Ich poste es einmal brutal: "Wenn die ITler auch so negativ eingestellt sind, wie sie es von ihrem Umfeld vorgelebt bekommen, dann wundert mich nichts!"
Ich denke, was den Arbeitssuchenden wirklich weiterhilft, sind konkrete, realistische Perspektiven für ihre berufliche Zukunft. Sobald sie den Eindruck haben, sie würden nur einer Beschäftigungstherapie unterzogen, wird sich das auch negativ auf ihr Selbstwertgefühl auswirken. Ich erwarte mir von Arbeitssuchenden in erster Linie Eigeninitiative und, da gebe ich Ihnen Recht, tumbe Meinungen werden niemendem weiterhelfen. Vom AMS erwarte ich mir, dass langfristige Strategien entwickelt werden und die Arbeitssuchenden bestmöglich unterstützt werden, denn diese haben ein Recht darauf, immerhin haben sie ja vorher ins System eingezahlt.

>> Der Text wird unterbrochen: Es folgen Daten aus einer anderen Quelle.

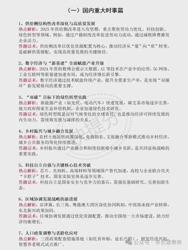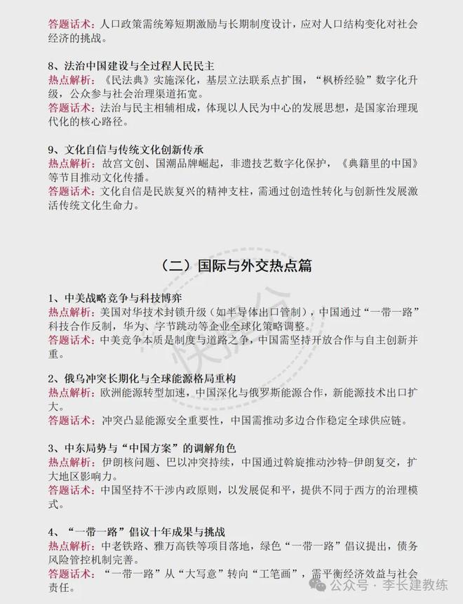 作文:热点 ![]() 2025高考作文冲刺 | 七大主题,热点事件,人物素材,满分段落! ![]() 主题一:贸易战热点素材 从“木受绳则直,金就砺则利”,到“宝剑锋从磨砺出,梅花香自苦寒来”,再到“世上无难事,只要肯登攀”,中国人的基因里,从不惧怕任何风险挑战、困难矛盾,更能将各种外来压力视作推动自身进步的动力。 从山重水复到柳暗花明,路是从荆棘丛生处开辟出来的。只要方向对了,就不怕山高路远。变压力为动能,化挑战为机遇,制造业苦练内功,服务业提升质效,带动外贸结构实现蝶变,我们不仅能实现自身的稳定发展,还将为全球经济发展注入更多稳定性。——人民网 对世界而言,中国“杭州六小龙”现象无疑也是一个启示:人类真正需要的,并非目光短浅的投机与刺激,而是志存高远的坚守与跋涉;人类的未来,不在闭门造车、“小院高墙”的孤立中,而在敢为人先、开放共赢的格局中。 ——人民网 主题二:科技热点素材 进入2025年,中国创新成果井喷式涌现:神舟二十号载人飞船飞天在即,中国航天持续标注中国的新高度;CR450动车组样车试验时速450公里,蓄力刷新中国的新速度;DeepSeek“刷屏”全球,宇树机器人火爆出圈……新质生产力深刻改变着中国的经济发展。 ——人民网 “梦想”号大洋钻探船建成入列,探寻海洋深处的秘密;量子计算机信号闪烁,激荡算力觉醒的潮声;人形机器人破圈迭代,孕育未来产业的雏形……时间之河奔腾不息,创新之翼自由飞翔。中华大地上,处处涌动着活跃跃的创造,书写着日新月异的进步。 ——人民网 嫦娥六号首次月背采样,“中国天眼”极目苍穹,“雪龙2”号破冰前行,梦想号探秘大洋,全球最快高铁列车CR450动车组横空出世,深中通道踏浪海天……近日,外交部发布的一段名为“未来已来”的高燃视频,展示一系列中国创新成果,引发广泛共鸣。逐梦星辰大海,奋斗开创未来,新时代中国在高质量发展之路上稳健前行。 ——人民网 主题三:科技与文化融合类热点素材 《哪吒2》以及之前爆火的游戏《黑神话:悟空》都是将中国传统神话故事以全新的叙事方式、国际化的美术风格呈现给观众。通过对经典形象的现代化塑造,使得中国文化受到全球观众和玩家的追捧。路透社称,《哪吒2》的爆火,印证了中国本土IP的强大号召力。人们看到,《哪吒2》和《黑神话:悟空》作为具有国际竞争力的作品,展现了中国文化的独特魅力,它们的成功让更多创作者意识到,中国文化不仅可以满足国内市场需求,还可以被全球共享。 ——人民网 今年开春,生机勃勃。DeepSeek(深度求索)“横空出世”,人形机器人春晚刷屏,科技创新的种子破土成林;春节假期,国内出游5.01亿人次,入境游客同比增长150%,“流动的中国”活力四射;《哪吒2》票房冲进世界影史前七,文化自信的花朵迎春怒放…… ——人民网 科技,始终稳居“第一生产力”的王座。DeepSeek在世界一鸣惊人,机器人跳秧歌惊艳春晚,亚冬会实现100%绿电供应,特效加持的电影《哪吒2》票房屡创新高,“黑科技”赋能非遗更显中国范……今年开春以来,一个个“现象级”的新科技、新场景、新气象纷纷涌现,这些生动案例彰显着我国科技创新持续深化,更展现着中国经济社会发展向阳而兴的蓬勃生机。 ——人民网 主题四:开放与交流热点素材 一位是来自美国的“甲亢哥”,他的环球直播之旅,被称作“数字时代的马可·波罗游记”。透过他的真实镜头,全球观众看见一个“实况中国”,看到“保镖要失业”的良好治安、功夫变脸等炫酷文化、无人机送外卖的科技感,也在他与广场舞阿姨共舞、和夜市摊贩讨价还价、被路人用英文进行“中国式文明劝导”中,感受到中国的友好、活力与秩序…… 从网上互晒合影的中美家庭在上海“奔现”,到美国小伙保保熊、加拿大博主瑞安成为中国“自来水”,再到为了证明自己没说谎,带邻居来中国旅游的澳大利亚“老外”……中国免签过境政策不断放宽,“China Travel”成为潮流,越来越多外国人来到中国、认识中国、爱上中国。摆脱了灰暗滤镜,穿透了偏见误读,跨越了文化隔阂,一个真实的中国被重新发现,展现出动人心魄的魅力。 ——人民网 主题五:梦想与奋斗热点素材 梦想之翼,因奋斗而坚韧。“尽管遭遇挑战,我们从没想过放弃,只会越战越勇”,这是民营企业家李积回的决心;“不怕风高浪急,闯过去才有未来”,这是“80后”海归创业者袁玉宇的勇气;“生活给了我多少积雪,我就能遇到多少个春天”,这是外卖员王计兵的心声;“命运永远掌握在我们自己手中,科技强国步伐永不停止”,这是大学生姜未的志向;“别人觉得种田苦,但我看好农业的广阔前景”,这是“90后”新农人陈帅宇的选择…… ——人民网 是的,这种书写不只吕玉霞,也不只诗歌。相信很多人都有同样的感受:近年来,素人写作渐成趋势,也愈来愈受关注。快递小哥胡安焉《我在北京送快递》、“外卖诗人”王计兵诗集《赶时间的人》、女儿视角下的《我的母亲做保洁》等作品成畅销书,在吕玉霞之前,也有韩仕梅等分享“田园诗人”的荣光。而他们也只是在诸多巧合下被舞台追光灯照亮的极少数,在更多尚未被“看见”的地方,相信存在一个更为庞大的群体,他们默默写作,生活重压之下仍不放弃对精神世界的追求,绵密记录下真实的日常与复杂的情愫。 ——光明网 主题六:巾帼榜样热点素材

Das Hauptproblem ist das Umfeld, das jede Idee kritisiert und demotivierend auf die Gemaßnahmten einwirkt. Die KritisiererInnen wollen sich einfach nur selbst damit aufwerten, indem sie andere Leistungen runter tauchen.
Einschränkung: Nicht jede/r, der/die etwas kritisiert, will sich damit selbst aufwerten. Es gibt auch berechtigte Kritik, auch wenns manchmal weh tut. Ihre Aussage ist mir etwas zu engstirnig bzw. einseitig und wäre als "Totschlagargument" brauchbar, um sämtlichen KritikerInnen den Mund zu verbieten. Ist auch keine Lösung.

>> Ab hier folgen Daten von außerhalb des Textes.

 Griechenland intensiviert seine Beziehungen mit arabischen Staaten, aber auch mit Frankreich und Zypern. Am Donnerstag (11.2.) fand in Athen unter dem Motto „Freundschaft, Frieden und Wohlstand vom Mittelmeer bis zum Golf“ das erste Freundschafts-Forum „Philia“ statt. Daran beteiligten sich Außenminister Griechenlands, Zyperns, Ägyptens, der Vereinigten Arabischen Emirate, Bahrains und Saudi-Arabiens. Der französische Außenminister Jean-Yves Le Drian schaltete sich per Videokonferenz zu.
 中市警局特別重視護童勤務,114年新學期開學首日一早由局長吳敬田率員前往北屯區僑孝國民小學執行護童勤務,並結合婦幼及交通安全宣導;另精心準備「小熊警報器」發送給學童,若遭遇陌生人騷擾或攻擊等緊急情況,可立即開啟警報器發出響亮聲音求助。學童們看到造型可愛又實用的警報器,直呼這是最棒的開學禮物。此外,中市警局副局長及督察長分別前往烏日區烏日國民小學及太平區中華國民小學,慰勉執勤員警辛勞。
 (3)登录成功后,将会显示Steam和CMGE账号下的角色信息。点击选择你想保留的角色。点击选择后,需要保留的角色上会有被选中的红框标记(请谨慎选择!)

Beobachte einmal Arbeitslose, die voller Stolz erzählen in welche Maßnahmen sie gesteckt werden, um dann von irgendwelchen PsychasthenikerInnen ihren Dämpfer zu erhalten.
Der eigene Köter wird mit einem feiiiin gelobt, wenn er sein Häufchen macht, aber bei Arbeitslosen schlagen sie mit der Geringschätzungskeule zu.
Frag doch einmal Arbeitslose, wie es ihnen mit ihrem Umfeld geht.
Wie soll das AMS die Arbeitslosen aufbauen, wenn das komplexebehaftete, inkompetente Umfeld nur negativ eingestellt ist und dagegen arbeitet?
Nichts für ungut aber solche "Umfelder" sind bei mir genau an der richtigen Adresse.
Natürlich gibt es auch berechtigte Kritik, aber *diese* Maßnahme ist nicht zu kritisieren.
Die Gehälter sind im IT-Bereich bereits jetzt wieder gesunken, deshalb suchen ja so viele Firmen angeblich "händeringend" nach IT-Fachkräften, denn sie zahlen einen Schmarrn. Sie hätten halt am liebsten bestens Ausgebildete mit Uni-Abschluss zu einem Gehalt, das einem Hilfsarbeiter entspricht.
Gerade im IT-Bereich hat das AMS zB jede Menge Web-Designer/innen geschult, die meisten davon bekamen keinen (adäquaten) Job. Später hießen sie dann Internet-Entwickler/innen und nach fertiger Schulung hatten diese das gleiche Problem. Detto bei den Lagerlogistiker/innen. Bin gespannt, was dann mit den Uni-AbsolventInnen geschieht.